A few examples may suffice here. In Ethiopia, Art. 90 (10) of the 1998 Constitution states that, “Every Ethiopian is entitled, within the limits of the country’s resources, to clean water.” In The Gambia’s Constitution of 1996, Art. 216 (4) emphasizes that, “The state shall endeavor to facilitate equal access to clean and safe water.” This article is equally expressed in the 1996 Constitution of Zambia (Art. 112) whereby the State shall endeavor to provide clean and safe water.

Governments, Non-Governmental Organizations, and all stakeholders need to recognize the urgent need to provide adequate water that would satisfy human and environmental needs and demands. The old ways of water management could be improved. Water managers especially should change their seeming nonchalant attitude to work and see as well as appreciate that, water is life, and working in that field is really a service to providence and humanity. This is a call coming from my experience as an African – in fact, our attitude to work, despite the human capacity and capability at our disposal, can hardly be written home about.

I take this opportunity to specially appeal to the international community and donor organizations to seriously consider the allocation of funds for capacity building of the youth to play meaningful roles in the provision and management of water systems. They are the generational leaders, and, therefore, have a greater stake in the real politics, now and later, of water.

I have not succeeded in solving the problem of water supply and management; I have only tried to lay bare the fact that, throughout history, water has been a problem in both urban and rural settings of human settlement. It is unfortunate that rural communities, which house about 70% of humanity, are the most affected. Incidentally, the youth who wake up in the early hours of the day to fetch water are hardly involved in the provision and management of water. This situation needs rectification if we want to succeed in our efforts at providing water to majority of our communities, at least, by 2015.

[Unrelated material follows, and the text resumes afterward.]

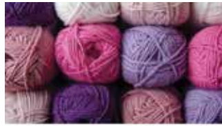
Senior Knitters & Crocheters of Menifee

Knitters are off to a great start! We had a great first two weeks in January. During our first meeting on the 7th, we had 89 items donated for our recipients. We continue to grow, and our ladies keep the Afghans, hats, shawls, scarfs, baby blanket and hats, and other items coming every week. Pictured at right are a large multi-colored Afghan and a baby blanket, both made by our members.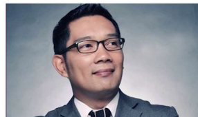
Ridwan Kamil MAYOR OF BANDUNG, INDONESIA

Lack of water is not only a serious factor to quenching thirst, or water for domestic, farming or industrial use; it is a recipe for the numerous preventable diseases such as malaria, guinea-worm and buruli ulcer that afflict millions of citizens of the Third World. This is underscored by the Johannesburg Declaration of 2002, which targeted halving the proportion of people without access to potable water by 2015.

Alarmingly, research findings reveal that by the next 20 years, two-thirds of the world’s population will lack adequate water supply. This puzzle needs urgent attention and action to allay the fears of humankind. This, perhaps, goes to strengthen the call for the mobilization and organization of the youth to bring them on board. Building their capacity to take the battle of access to water to its logical conclusion is very important in sustaining water supply through effective management. It is time the old ways of water management were discarded; and the role of the youth cannot therefore be sidelined.

Human survival is dependent on water. It is ranked second only to oxygen. It forms the foundation of blood and lymph, maintains heart muscles and young looking skin, lubricates joints and organs and regulates body temperature. Domestically, water is everything: washing, cleaning, gardening, cooling, cooking; the list is inexhaustible. At the agriculture front, water for animal use and irrigation and transportation becomes equally important to complete the clarion call for water provision and management, of which the youth can play important roles.